As you can see, looking it up using the tag.class notation and the tag[attr="value"] notation both give empty results, but by_class returns one result. Clearly elements with those attributes exist. How do I search for all the divs that have all 3 classes?

In the past, I've been able to search using dom('div.class1.class2.class3') to identify a div with all 3 classes. Not only does this not work, it's also giving me unicode errors (it appears that the second period causes a unicode error) : TypeError: descriptor 'lower' requires a 'str' object but received a 'unicode'

A User
  • 812
  • 2
  • 7
  • 21
  • I tried that actually, they behave the same / did not make a difference. I'm starting to think the latest version of pattern.web does not support search by multiple class names. – A User Sep 25 '18 at 17:37
  • Real data would be uniquely identifying, I can't do that @stovfl. What I've shared is real data just replaced to be anonymous. – A User Sep 25 '18 at 17:54
  • Thanks for your help @stovfl. I updated the code and expected results, and clarified one of the things that was causing an error. – A User Sep 25 '18 at 18:23
  • That would only work in this example. If I had `
    ` I'd only want the second one. With broader-than-desired criteria, if there's more than one match I can't be sure that it's what I"m looking for.
    – A User Sep 25 '18 at 18:51
  • I assume you have tried `dom.by_class('class1 class2 class3')` already. You want to use **CSS selector**, according to the doc you have to do 1. `element = Element(html)` 2. `element('div[class="class1 class2 class3"]')`. I'm off! – stovfl Sep 25 '18 at 19:23
  • Yep, tried all. – A User Sep 25 '18 at 20:56

1 Answers1

0

Question: In the past, I've been able to search using dom('div.class1.class2.class3') to identify a div with all 3 classes.
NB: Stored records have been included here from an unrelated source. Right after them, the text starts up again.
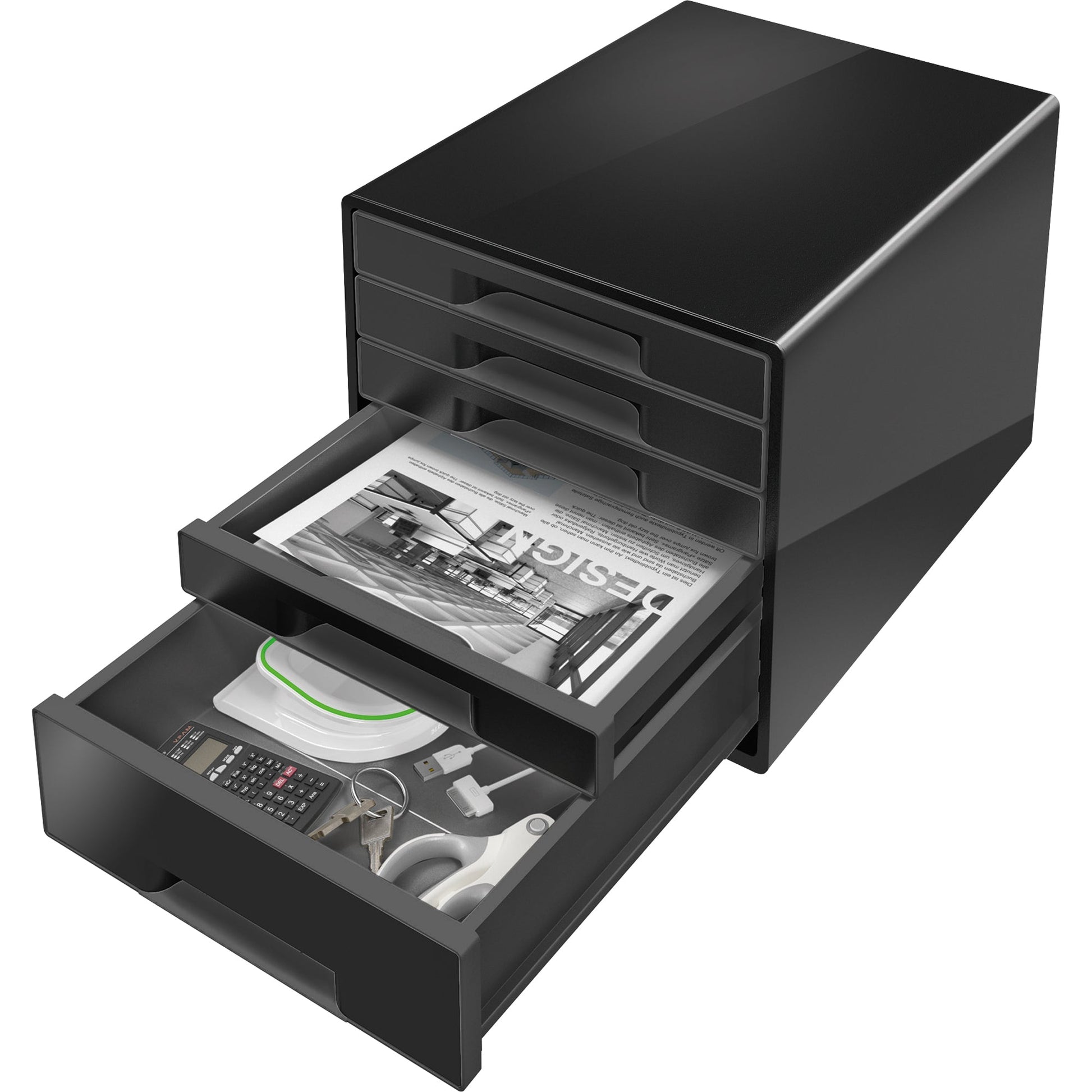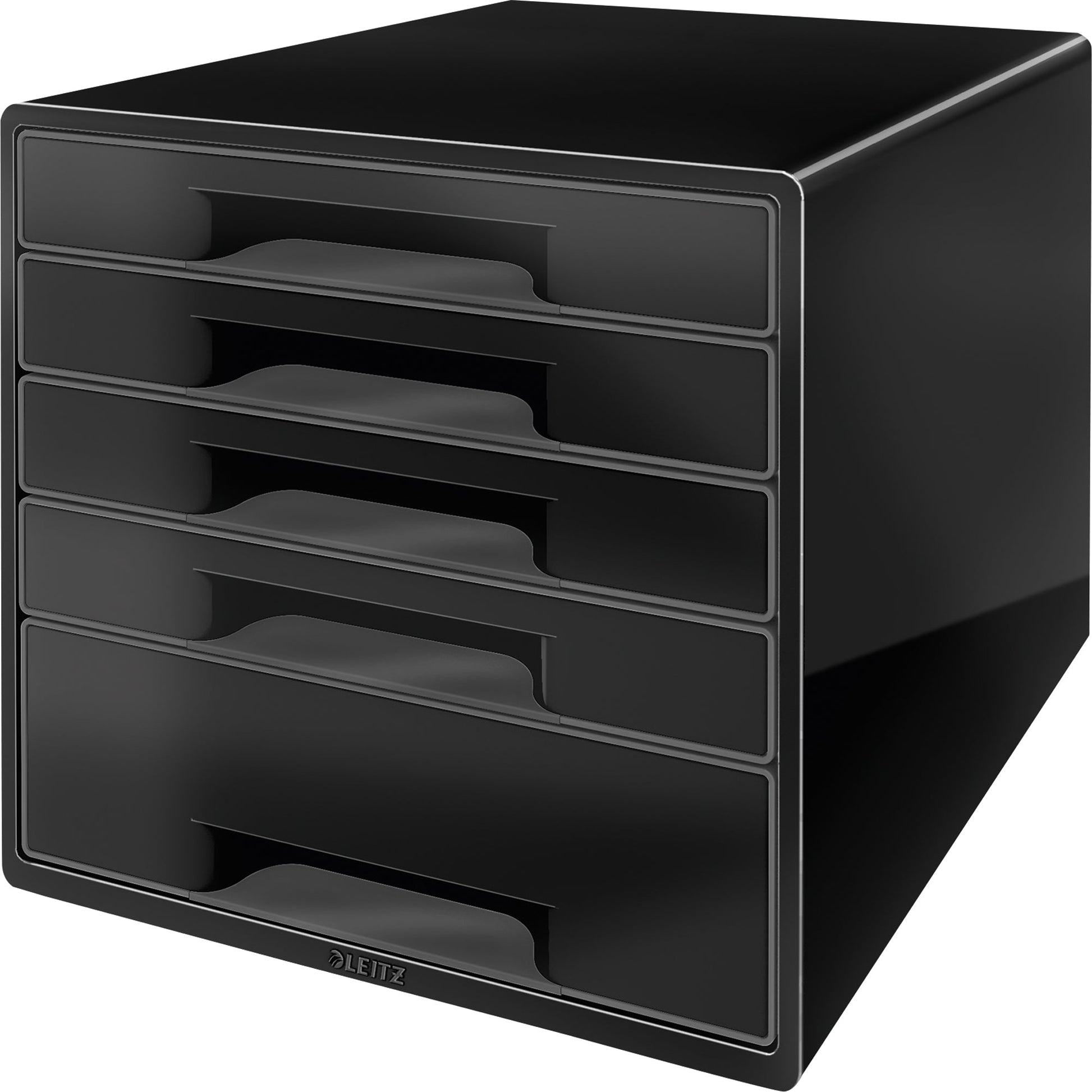Bezeichnung: Leitz Schubladenbox CUBE 5 Schubladen DIN A4 Polystyrol Gehäusefarbe: schwarz Farbe der Schublade: schwarz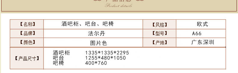 酒吧柜 1335*1335*2295 吧台 1255*480*1050 吧椅 400*760
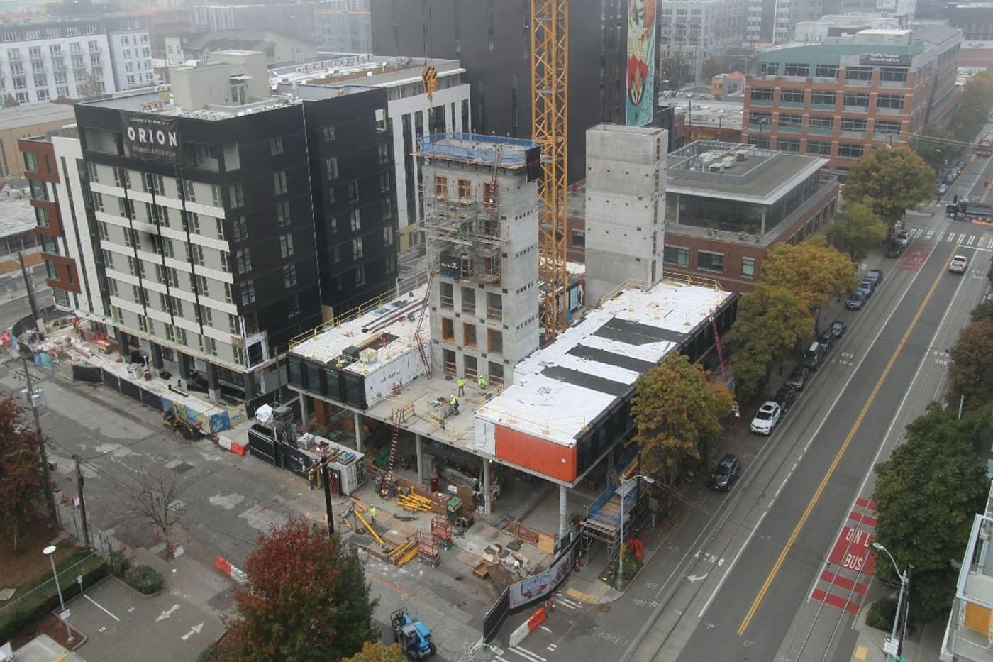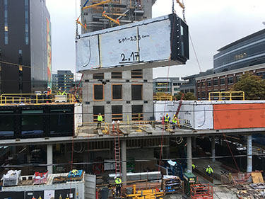 The 264-room hotel will be made from 228 modules that now are being stacked on a concrete podium.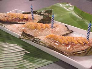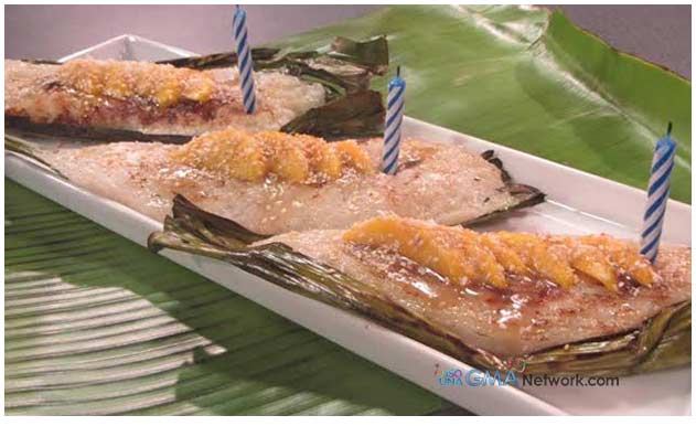 Put rice mixture, make a square wrap with banana leaves and pan fry until slightly browned. In a separate sauce pan, mix coconut cream, brown sugar and butter until dissolved and slightly thickened.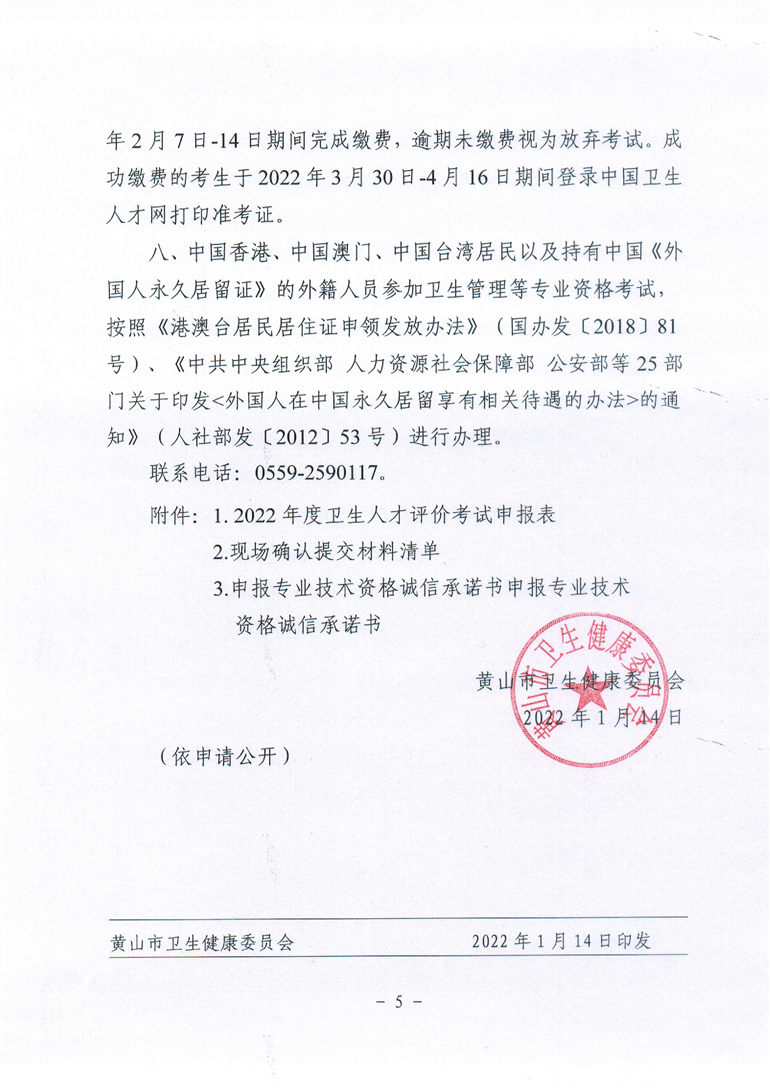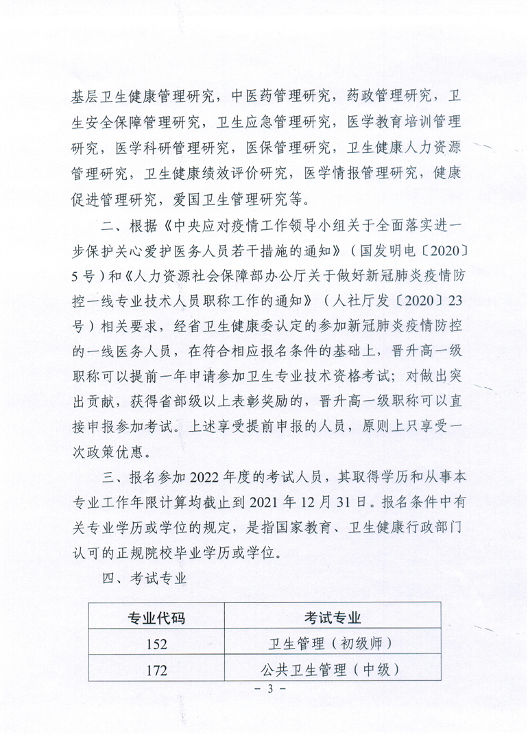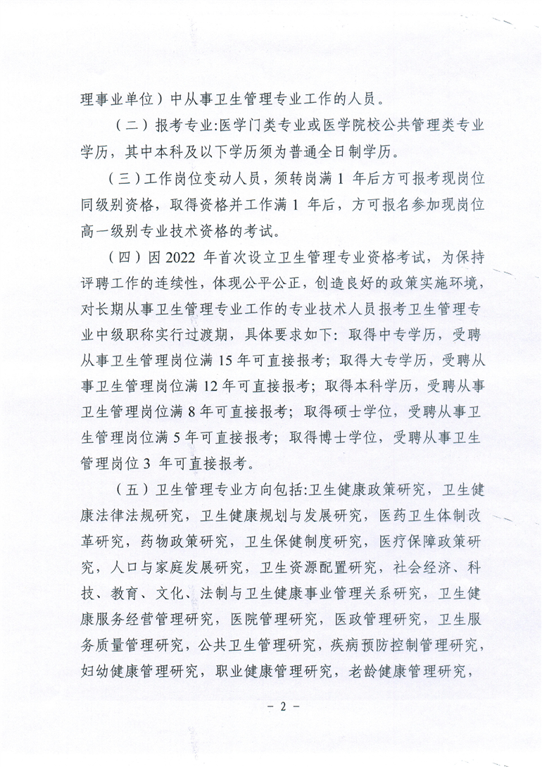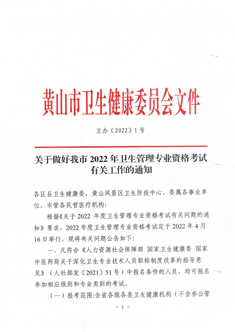 卫办 1号关于做好我市2022年度卫管考试的通知

Reading the Source github.com/clips/pattern/blob/master/pattern/web,
found, it's only a wrapper using Beautiful Soup.

# Beautiful Soup is wrapped in DOM, Element and Text classes, resembling the Javascript DOM.
# Beautiful Soup can also be used directly


It's a known Issue, see SO: Beautiful soup find_all doesn't find CSS selector with multiple classes

The workaround ist to use .select(...) instead of .find_all(...),
didn't find .select(...) in pattern.web

For example:

from bs4 import BeautifulSoup

html = """<html><head><title>pattern.web | CLiPS</title></head>
  <body>
    <div class="class1 class4">
      <form action="/pages/pattern-web"  accept-charset="UTF-8" method="post" id="search-block-form">
        <div class="class1 class2 class3">
          <label for="edit-search-block-form-1">Search this site: </label>
        </div>
      </form>
    </div>
</body></html>
"""
soup = BeautifulSoup(html, 'html.parser')
div = soup.select('div.class1.class2')
print("{}".format(div))

Output:

[<div class="class1 class2 class3">
<label for="edit-search-block-form-1">Search this site: </label>
</div>]

Question: it's also giving me unicode errors (it appears that the second period causes a unicode error) :

TypeError: descriptor 'lower' requires a 'str' object but received a 'unicode'

It's unknown, if this TypeError is from pattern.web or Beautiful Soup.
According to this SO:descriptor-join-requires-a-unicode-object-but-received-a-str it's a standard Python message.


Using pattern.web from GitHub, the results are as expected:

from pattern.web import Element

elements = Element(html)
print("Search Results by Method:")
print('tag[attr="value"] Notation\tResults:{}'
    .format(elements('div[class="class1 class2 class3"]')))

print('tag.class Notation \t\t\tResults:{}'
    .format(elements('div.class1.class2.class3')))

print('By class, no tag \t\t\tResults:{}'
    .format(elements.by_class('class1 class2 class3')))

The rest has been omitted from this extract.